Friday 28 January 2011

I am off to visit the

dentist this morning. The appointment was made at my last check up several months ago. I have spent the last week dreading it - on and off.
I do not like going to the dentist! My dentist is a perfectly pleasant person but I detest the invasion into my mouth.
When I was a child there was a "school dental service". All children were given check ups and some, particularly those in rural areas, were given basic treatment. Children in urban areas were more likely to be referred to a local dentist. The dentist we went to was rough. I can still remember the occasion on which, age seven, I had to park my tricycle outside the dental surgery one afternoon after school, go in alone and have a recalcitrant baby tooth pulled and then continue home with blood dripping down my chin. My mother added to my woes when she lost her temper because I had blood on my school dress. It is little wonder that I do not like visiting the dentist.
Dental standards and practice seem to have changed too. Once it was acceptable to have an annual check up and, unless something extra needed to be done, you did not see the dentist for another year. We went to a local dental clinic for years. The dentists who owned it were supposed to be "very good". They were perhaps a little too good - for two reasons. I suspect they over-serviced. There was always something that required doing. When I left and visited the dentist on an annual basis at the university health clinic in London there was never anything to do. The dentist there was a fellow Australian trained at the same university and at the same time. The other problem was that the dentists were members of a minority religious sect and were inclined to talk religion once they got to know you. If there had been somewhere else to go I would have gone.
Now our dental service insists on seeing us at least three times a year. It is part of the health fund we belong to and the cost is, compared with other dental services, minimal as it is part of the cover. Nevertheless I find it strange that they insist on seeing us so often. Is it really necessary? I am assured that it is and, if we wish to continue the cover, then this is what we must submit to. Now "dental hygiene" is big business. We are given dire warnings about the state of our teeth and our gums and the disastrous effects failing to care for them can have on the rest of our health.
This may well all be true but I cannot help thinking that one hundred years my paternal grandparents managed on an annual trip to the dentist and they both lived into their nineties.
Genes must have something to do with it!

4 comments:

Ann said...

I hate, hate, hate the dentist. I also hate it when they ask you questions as they are sticking instruments into your mouth. Hope your visit was not too traumatic.

catdownunder said...

I survived - but I do wonder why we now need to go so often!

Holly said...

there actually is fairly decent data to support the following
1) regular cleaning does slow down carries
2) early fill of cavities means you keep more tooth
3) the more teeth you have, the lower the chances of dentures
4) dentures are extremely expensive in terms of time, fit and manuafacture.

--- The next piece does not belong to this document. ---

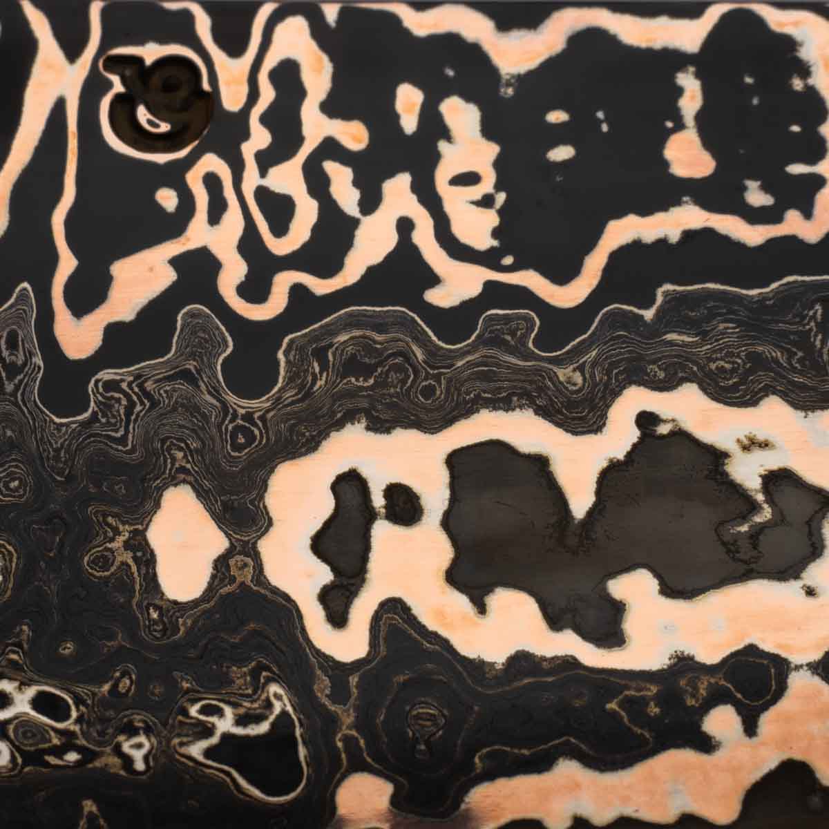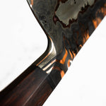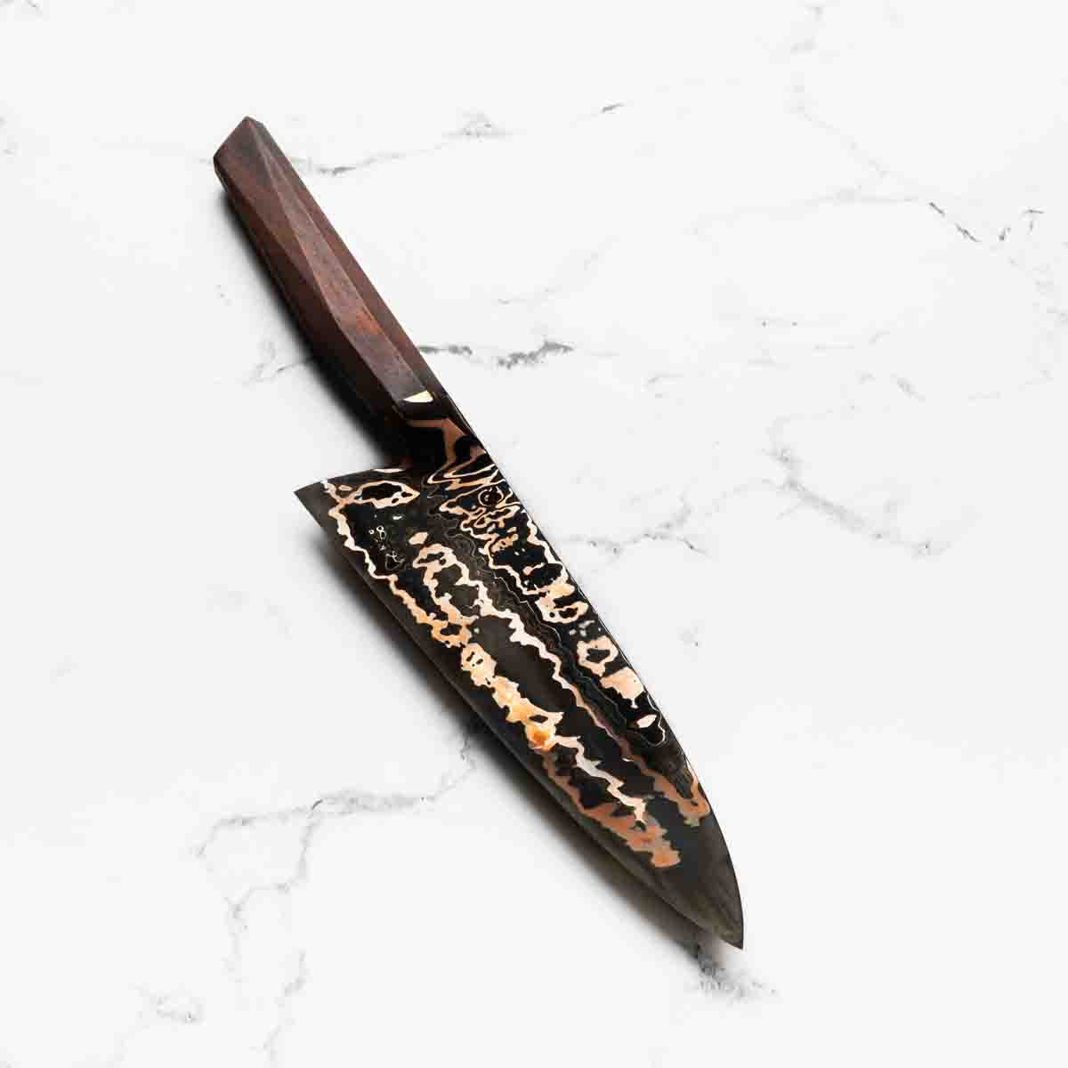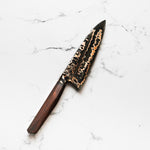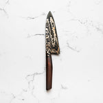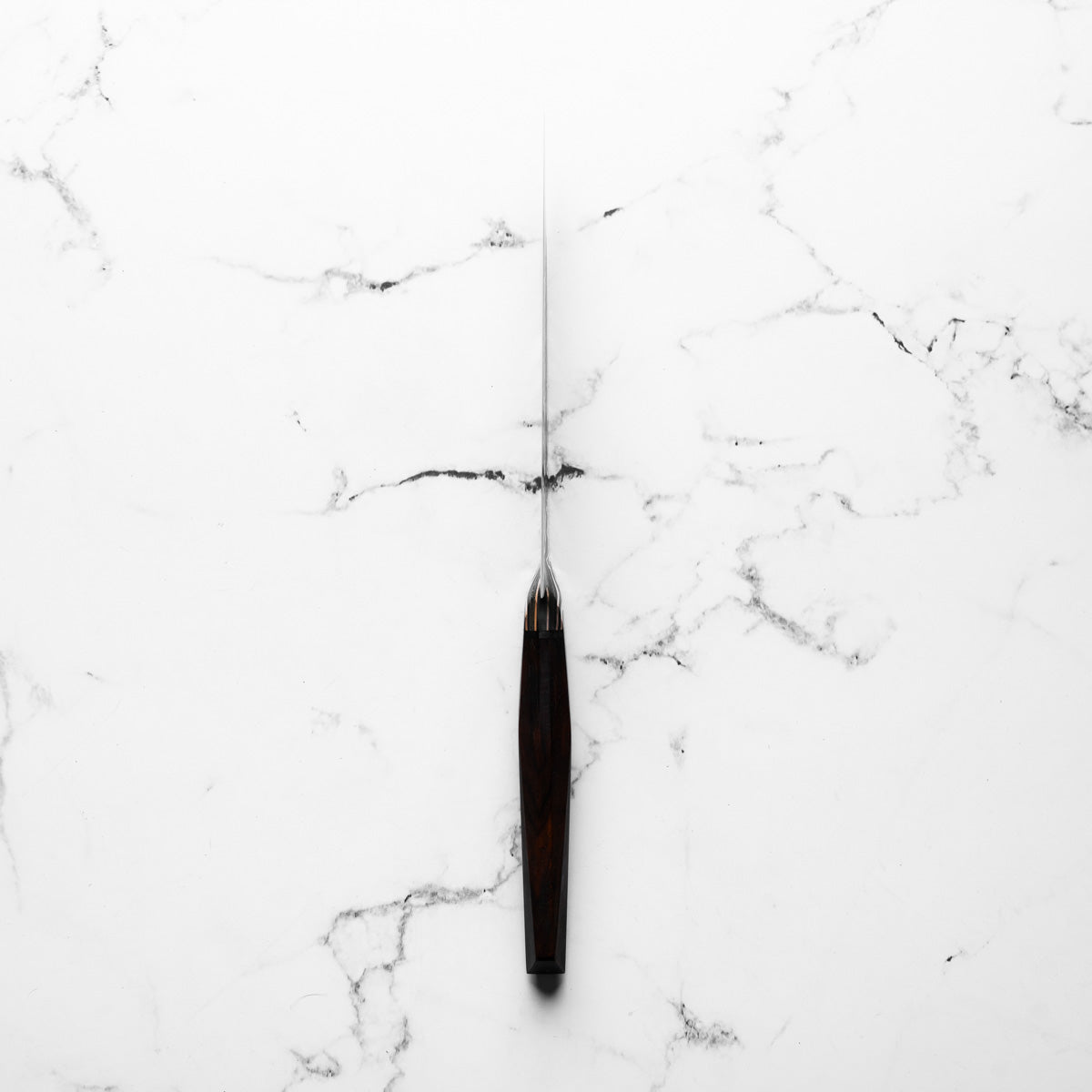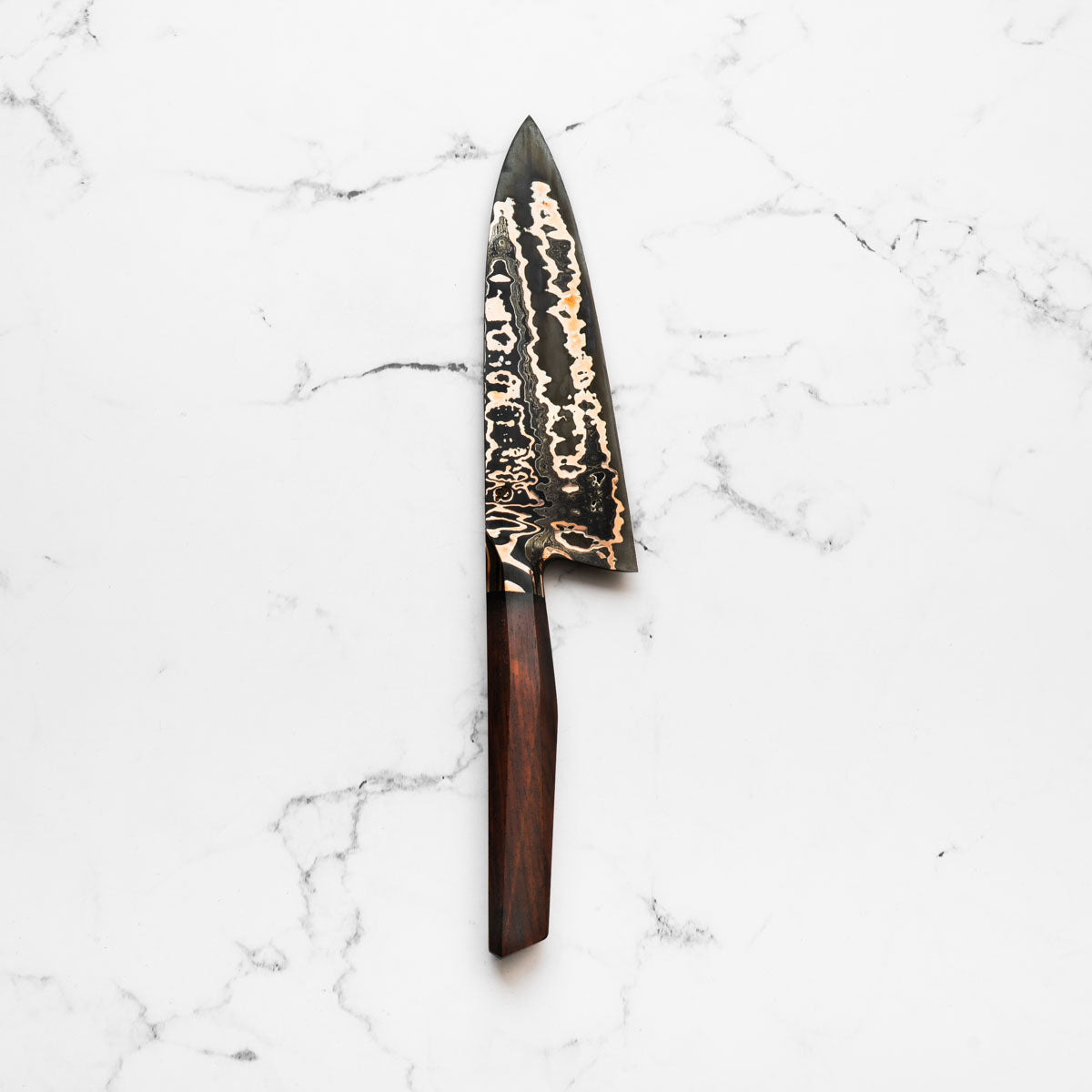 This knife is made from a high-carbon steel and as such, will require a little more care than a regular off-the-shelf knife. It must be dried shortly after use, as prolonged exposure to moisture can cause rust spots to appear. A very light coat of oil during storage also helps to prevent rust spots. A patina (colouration and seasoning of the steel) will occur with use.
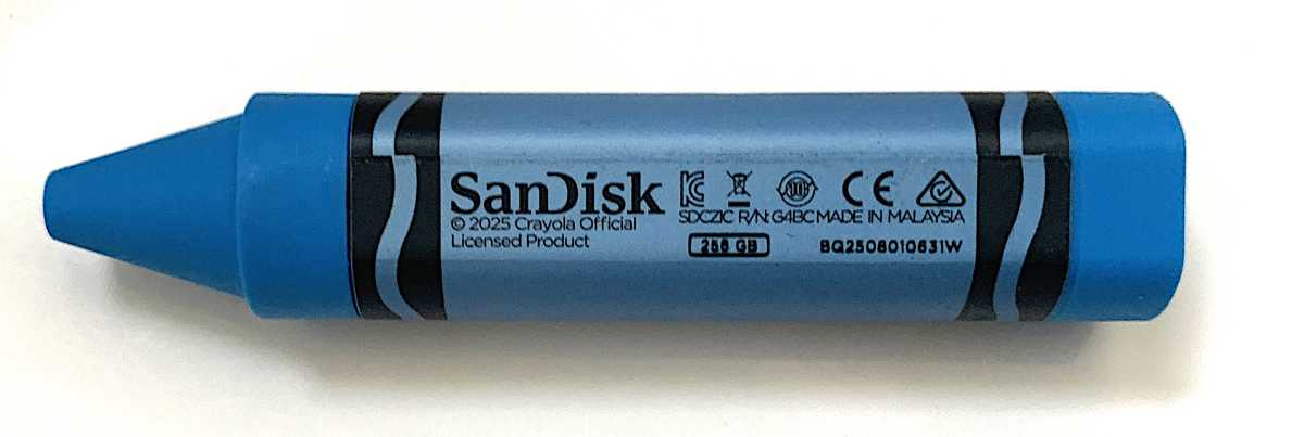 The cap covers a Type-C connector. While SanDisk doesn’t make any claims as to weather- or dust-proofing (there’s no IP score), I’m guessing that with the cap on, the Crayola may stand as much as most abuse. Note that the cap is just not captive and and SanDisk warns that the drive is just not for kids beneath three years.

of course, basic brushing, flossing and staying away from constantly eating simple sugars would make a lot of people's lives better (both weight and teeth!)

catdownunder said...

Yes ma-am doc! I really do know all those things but I still get irritated every time I need to go to the dentist...even though she is a nice person.
(And I am well aware that, where you are currently deployed, the local dental service is pretty well non-existent.)